Health Department spokesman Robert Marshall said Tuesday he did not know how much longer it would take to make the determination, but he was optimistic that the regulators could reach a decision without setting any more new deadlines.
“I don’t want to understate how important it is for this process to move swiftly and efficiently,” Fontaine said on the steps of the Cannon Building. “It is critical that we maintain these jobs in the city as we work toward our own economic revitalization.”
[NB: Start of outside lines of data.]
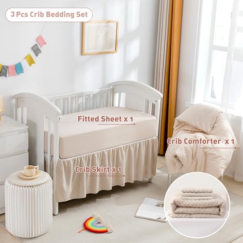 Cokouchyi 3 Piece Bedding Set for Boy Girls, Jacquard Tufted Geometric Crib Set, Includes Skirt, Blanket and Sheet, Baby Bedding, Beige
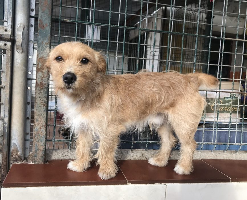 23 marzo 2019 Perrito encontrado en el Villar, estaba lleno de garrapatas. Es muy joven. Tendrá alrededor de 8 meses.
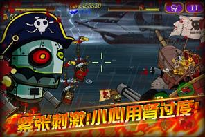 游戏既然以僵尸和海盗为主题,战斗地点自然就设定在海上了。为了契合故事的黑暗基调,整片大海都被一层浓墨般的乌云所笼罩,仿佛一场暴风雨随时都可能骤然降临。这款游戏采用了2D横版的画面呈现方式,我们将以第一人称视角开启战斗之旅。尽管僵尸的外形看起来并不恐怖,反倒带着几分搞笑的意味,但面对成群结队前来抢夺金币的僵尸时,还是会让人有些心惊胆战。此时绝不能有丝毫怜悯,只需扣动手中的武器,尽情地展开杀戮即可。

Callaci said Landmark and its sister facility in North Smithfield, the Rehabilitation Hospital of Rhode Island, employ a combined 1,200 workers. “Jobs, jobs, jobs,” said Callaci — that’s what’s at stake in the merger. And if those jobs disappear, the spinoff economic activity driven by the hospital will dry up, too.
“It’s not often you see labor and business standing at the same podium to talk about the issue of jobs,” said Gregory, the chamber president. “We’re together on this one.”
Gregory said it’s hard to quantify how disastrous the failure of the hospital could be for the city, but ultimately the loss of health care and employment opportunities would translate into a lower quality of life for residents. Gregory said it’s not just the health care workers who would be in jeopardy, “It’s all the other jobs right down to the local florist that’s delivering flowers to the hospital every day.”
Landmark filed for receivership in June 2008 and sought a merger under the supervision of Superior Court Judge Michael Silverstein and his court-appointed special master, Pawtucket lawyer Jonathan Savage. In May, the judged deemed Steward, owner of 10 for-profit hospitals in Massachusetts, to be the only qualified bidder as several other suitors, including two from Tennessee, were cast aside.
The successful sale of the hospital has been widely portrayed as Landmark’s last hope for survival in an increasingly competitive health care environment.
For Couture, it’s a personal issue.
“I owe my life to the doctors at Landmark,” he says. “That was my Christmas present.”